Masterson was growing weary. He said, “I appreciate that, officer. Any damages to the town will be paid by either the Rio Grande,” he indicated Lamborn, or the Santa Fe–”

“I’m sure we’ll get the logistics worked out on all the broken windows,” Phippenney observed wryly. “Most of the damage seems to be Rio Grande inflicting damage to their own property so it’s hardly my concern at any rate. May I ask if you have had any deaths or significant injuries among your own men due to this… fracas?”

“We’ve had one death. Technically, not mine, per se, but a Santa Fe telegraph officer named Harry Jennings.”

“Shot in the back, no less,” Holliday offered.

“That charge will be added to these others, I am sure.” Behind him officer Bilby used a short stub of pencil to scribble something in his notebook. Phippenney turned to the Pueblo men as he spoke. “I am authorized to arrest Denver and Rio Grande engineer John A McMurtrie, Pueblo Town town marshal Desmond and sheriff Henley Price.”

Masterson glanced at Holliday and Thompson in surprise. They watched amazed as Phippenney and Bilby disarmed Desmond and Price and took the men into custody.

Weitbrec stepped back but asked calmly enough if he were expected to supply McMurtrie to the police station. Phippenney informed him that another set of officers already had McMurtrie in custody. Weitbrec took another step back, pulling Lamborn with him as Desmond and Price protested and struggled.

“Gentlemen!” Bilby barked. “I’ll take you in handcuffs if I hafta. But it won’t look good for either of you.”

Desmond hesitated and Price shrugged himself loose from Bilby, but stood meekly enough on his own. Desmond growled. “What could we possibly be charged with?”

“Murder and conspiracy to commit murder.”

Price screamed, “The hell you say!”

“The truth is that the three of you met and planned this attack on the Rio Grande roundhouse and depot. In that meeting you agreed to hand out weapons to men you purposely liquored up for the enterprise. The district attorney is bringing you before a grand jury–”

“But the Rio Grande hired us!”

Phippenney looked disgusted. “You don’t work for the Rio Grande, sheriff. You work for the county and the town of Pueblo.”

Price sputtered, but stopped struggling. As far as Masterson could see, Desmond seemed surprisingly resigned to his arrest.

Phippenney explained, “You’ll be given a hearing and allowed to clear your names, but for now, we have some hurting families who require answers, if not justice.”

Price fell silent at that statement.

Phippenney tapped his hat to Masterson. “Gentlemen.”

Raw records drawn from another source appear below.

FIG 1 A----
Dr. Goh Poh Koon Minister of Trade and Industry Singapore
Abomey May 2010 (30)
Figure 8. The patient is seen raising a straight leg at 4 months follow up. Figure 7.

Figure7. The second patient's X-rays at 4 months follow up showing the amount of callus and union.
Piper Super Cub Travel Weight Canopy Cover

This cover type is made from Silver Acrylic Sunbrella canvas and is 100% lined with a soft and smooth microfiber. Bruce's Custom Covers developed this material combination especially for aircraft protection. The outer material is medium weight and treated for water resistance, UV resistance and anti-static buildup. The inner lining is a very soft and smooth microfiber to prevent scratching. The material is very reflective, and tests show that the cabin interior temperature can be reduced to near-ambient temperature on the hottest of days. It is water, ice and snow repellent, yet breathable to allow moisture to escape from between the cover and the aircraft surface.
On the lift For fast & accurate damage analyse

Desmond and Price allowed themselves to be lead away. Masterson took a moment to collect himself. “Well, Mr. Weitbrec. I assume you’ll allow a Santa Fe train to make a run to Grape Creek at least long enough for us to collect our gear and leave this fair state.”

“I understand the Santa Fe has a train being readied for your men at their roundhouse across town. It’s only a short walk. Getting the cannon out of our turn-table is likely to be the real issue. Can you tell me how you got it down there?”

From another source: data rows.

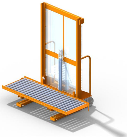
Lift truck for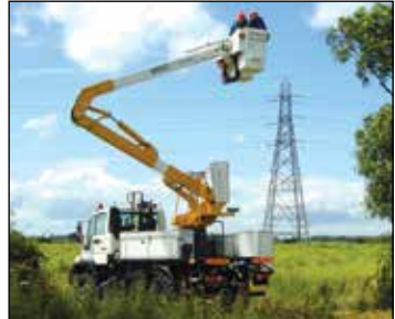
Can work on live network up to 46kV CAT C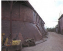
former standard brickworks federation street box hill side view kiln dec1987

Ben Thompson grinned. “Shoved it. It’s amazing what a hundred men can accomplish when they’re needing to work off steam.”

Weitbrec glanced from Thompson back to Masterson. Masterson shrugged.

Lamborn said under his breath, “How does Dodge put up with you all?” That brought a round of laughter.

“By the time we get back to Dodge, Dodge is going to be wondering why they let us back in,” Holliday admitted.